Reproduce the listing below exactly, beginning with its first line and ending with the line that holds "子ども・部活・地域スポーツ"; pictures are not part of the copy.

---- Stored data

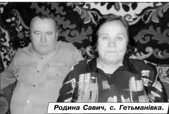
Родина Савич, с. Гетьманівка.
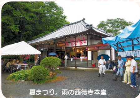
夏まつり。雨の西徳寺本堂

水口の鉦張り念仏の起源は定かではありませんが、鉦に刻まれる年号から天保13年（1842）には既に行われていたと考えられます。昭和初期には、落雷による西徳寺の火災と、時を同じくして始まった太平洋戦争のため、残念なことに一時途絶えてしまいました。その後、昭和40年頃になると、地域の有志の手によって鉦張りの復活に向けた活動が開始されます。しかし、関係書類が火災により焼失していたために作業は難航。戦前の鉦張りを知る、わずか2人の記憶を頼りに、まさに手探りでの復活となりました。
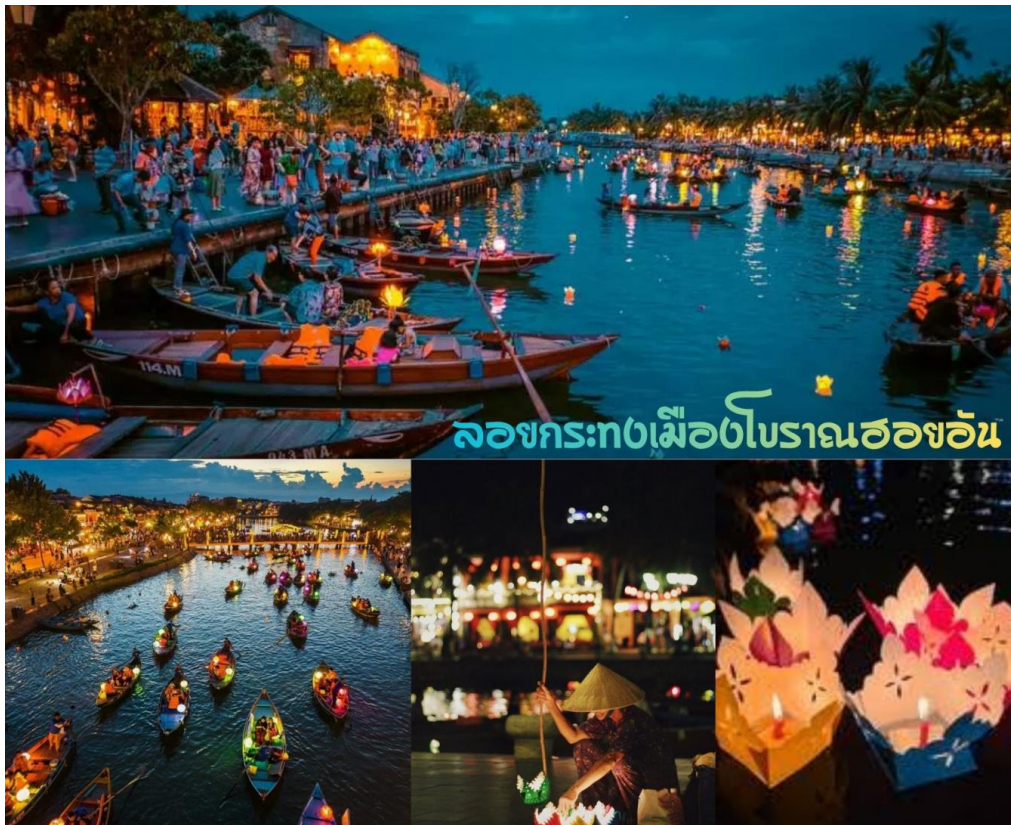
ล่องกระทงเมืองโบราณฮอยอัน

นำท่าน ล่องเรือลอยกระทง ในแม่น้ำหว่าย และเพลิดเพลินไปทั่วทัศนของเมืองโบราณฮอยอันในยามค่ำคืน
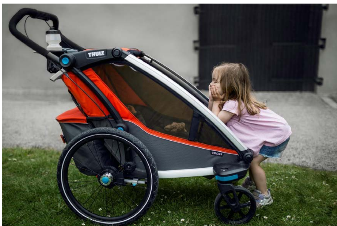
Thule Chariot Sport – med den nya familjen av Thule Chariot multisportvagnar sätter vi en ny standard på konceptet ”1 vagn, 4 aktiviteter” då man smidigt cyklar, går, springer eller åker längdskidor med sina barn. De uppdaterade modellerna har massor av tekniska förbättringar, men också ett modernare designspråk och uppmärksammades bland annat med IF Product Design Gold Award.
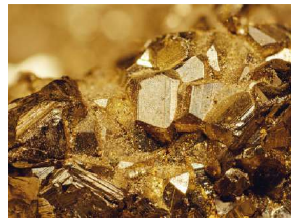
బంగారు కొండ మరింత ఎత్తుకు >> 4లో
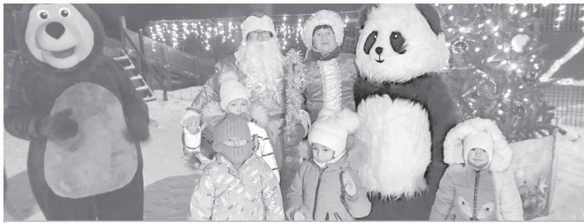
● А самых маленьких участников ждали сюрпризы!

В преддверии Нового года ТОС «Пионерия» в Селихино был реализован проект «Зимняя сказка». 24 декабря состоялось торжественное открытие елки на детской площадке по улице Пионерской.
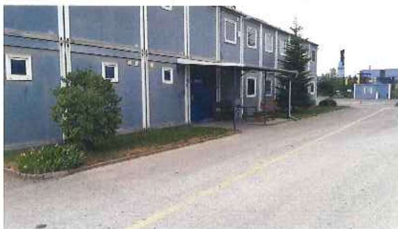
Trávnaté plochy pri prevádzkovom objekte Obal'ovne Veľká Ida
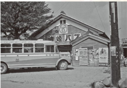
神姫バス福崎営業所
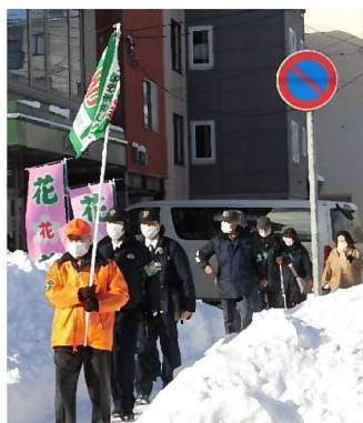
歳末特別パトロール

防犯部では、安全で安心な地域づくりのための活動を行っています。青色回転灯付車両によるパトロールで、高齢者や子どもたちの見守り等を行っているほか、年末には歳末特別パトロールを豊平警察署・月寒交番ご協力のもと行う予定です。皆様のご協力をお願いします。
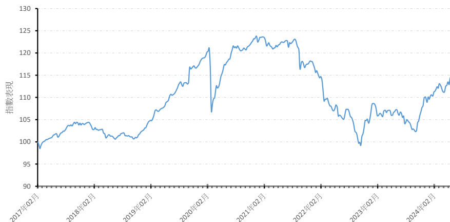
A 美元 (累積)
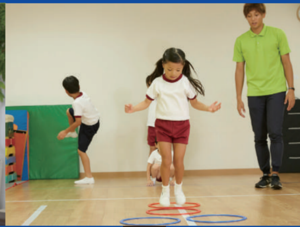
子ども・部活・地域スポーツ
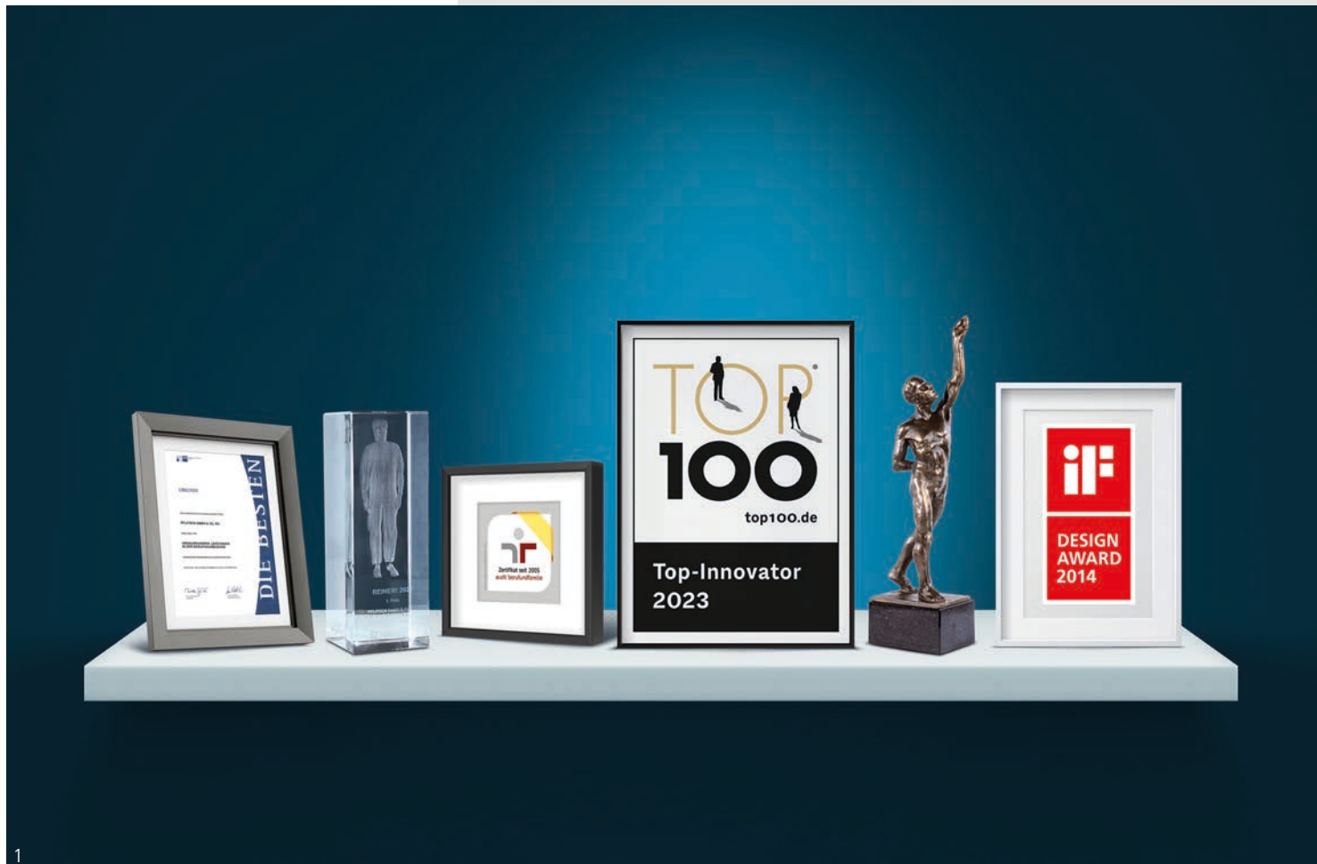
Abb. 1 – Zahlreiche Auszeichnungen unterstreichen unsere Leistungs- fähigkeit Fig. 1 – Numerous awards underline our performance

Strong performance that makes a difference
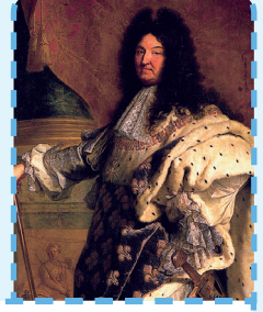
L ouis XIV
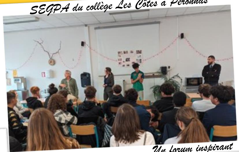
SEGPA du collège Les Côtes à Peronnas
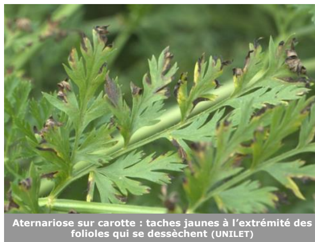
Alternariose sur carotte : taches jaunes à l'extrémité des folioles qui se dessèchent (UNILET)

Des pucerons lanigères ou pucerons des racines sont observés ponctuellement, sur le collet et sur les feuilles dans quelques parcelles de carotte. L'impact de ces insectes est très limité dès lors que la croissance des racines est assez avancée.
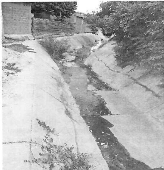
Punto de vertimiento N° 1 (Coord. Geog. Ref. 10°57.639'N - 072°47.349'O)
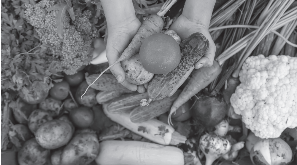
Abbildung 1.1: Beispiele lebergesunder Nahrungsmittel aus der mediterranen Kost
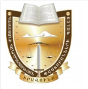
19.11.2013 ՇՆՈՐ ՀԱՎԱԼԱԿԱՆ ՆԱՄԱԿ ՓԱՍՏԱԲԱՆՆԵՐԻ ՊԱԼԱՏԻՆ
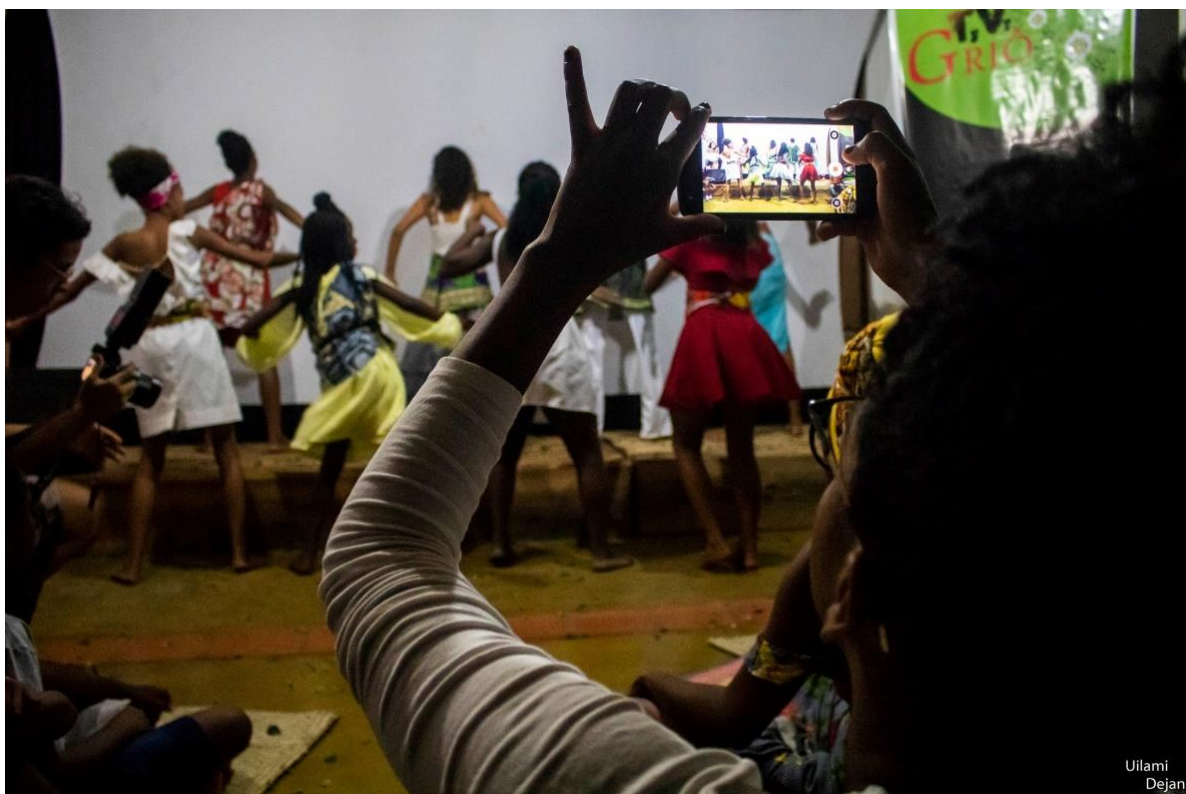
Figura 11: O ecossistema comunicativo da TiVi Griô inclui as epistemologias das tradições de oralidade em seus descentramentos e deslocamento.

educativos diante da exclusividade de aparelhos e técnicas audiovisuais. Também vale ressaltar que, ao contrário de uma perspectiva autoritária da escola como “centro sistematizador de conhecimentos” (TAVARES, MESQUITA; 2019), há um estímulo para produções que considerem o contar e recontar histórias de forma fluída e flexível através dos processos produtivos dos vídeos, nas exibições, nos cineclubes, nas interações nas redes sociais e internet, em possibilidades interdependentes da Pedagogia Griô, em que se empodera e possibilita vazão à expressão/comunicação de diversos povos, principalmente quilombolas.

--------

→ Result
Родина Савич, с. Гетьманівка.
夏まつり。雨の西徳寺本堂

水口の鉦張り念仏の起源は定かではありませんが、鉦に刻まれる年号から天保13年（1842）には既に行われていたと考えられます。昭和初期には、落雷による西徳寺の火災と、時を同じくして始まった太平洋戦争のため、残念なことに一時途絶えてしまいました。その後、昭和40年頃になると、地域の有志の手によって鉦張りの復活に向けた活動が開始されます。しかし、関係書類が火災により焼失していたために作業は難航。戦前の鉦張りを知る、わずか2人の記憶を頼りに、まさに手探りでの復活となりました。
ล่องกระทงเมืองโบราณฮอยอัน

นำท่าน ล่องเรือลอยกระทง ในแม่น้ำหว่าย และเพลิดเพลินไปทั่วทัศนของเมืองโบราณฮอยอันในยามค่ำคืน
Thule Chariot Sport – med den nya familjen av Thule Chariot multisportvagnar sätter vi en ny standard på konceptet ”1 vagn, 4 aktiviteter” då man smidigt cyklar, går, springer eller åker längdskidor med sina barn. De uppdaterade modellerna har massor av tekniska förbättringar, men också ett modernare designspråk och uppmärksammades bland annat med IF Product Design Gold Award.
బంగారు కొండ మరింత ఎత్తుకు >> 4లో
● А самых маленьких участников ждали сюрпризы!

В преддверии Нового года ТОС «Пионерия» в Селихино был реализован проект «Зимняя сказка». 24 декабря состоялось торжественное открытие елки на детской площадке по улице Пионерской.
Trávnaté plochy pri prevádzkovom objekte Obal'ovne Veľká Ida
神姫バス福崎営業所
歳末特別パトロール

防犯部では、安全で安心な地域づくりのための活動を行っています。青色回転灯付車両によるパトロールで、高齢者や子どもたちの見守り等を行っているほか、年末には歳末特別パトロールを豊平警察署・月寒交番ご協力のもと行う予定です。皆様のご協力をお願いします。
A 美元 (累積)
子ども・部活・地域スポーツ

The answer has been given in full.